Every now and again something interesting accidentally slips through.

In practical terms, reading papers requires a different mindset compared to reading books:

http://shape-of-code.coding-guidelines.com/2017/01/01/understanding-where-one-academic-paper-fits-in-the-plot-line/

In the typing rule after “(for defining the type of a lambda abstraction in this case)” it says `T-1` where it should have said `T_1`.

Wonderful, I wish I had that on my table in college.

ps: what’s interesting these days in PL land ? gradual types ? session types ? quotient types ?

Hi Adrian!

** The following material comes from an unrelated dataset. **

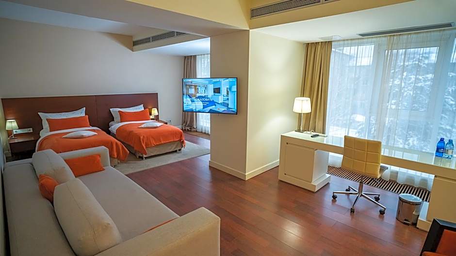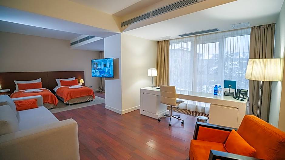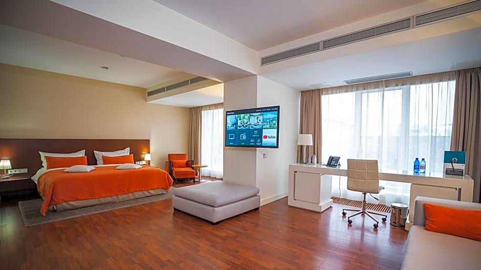 Spacious suite with a luxury bathroom and king-size bed, decorated in warm colors.

I believe there is an error in latex in the expression after “or defining the type of a lambda abstraction in this case…”

Reblogged this on josephdung.

Very useful to a non-computer-languages academic.

I can’t even begin to express how helpful this blog post was to me.

I’ve been looking into the innards of XQuery implementations so I can embed one in an application framework I’m working on but quickly realised that it’s hard to make sense of the code without understanding the XQuery Formal Semantics guide [1]. My first attempts at reading that doc left me very confused. Now I know what the hell Wadler and his colleagues were talking about.

Thanks.

[1] https://www.w3.org/TR/xquery-semantics/

For semantics, I highly recommend chapter 2 of Tom Stuart’s book “Understanding Computation”, it provides a very lucid & gentle introduction for programmers into 3 kinds of formal semantics, also discussing how they relate to less formalized language specs / reference implementations.

That chapter is available for free as a sample under https://computationbook.com/.

The book is generally fun, preferring interactive sessions with 100% working code over math notation, but that chapter was the most novel for me (having a degree).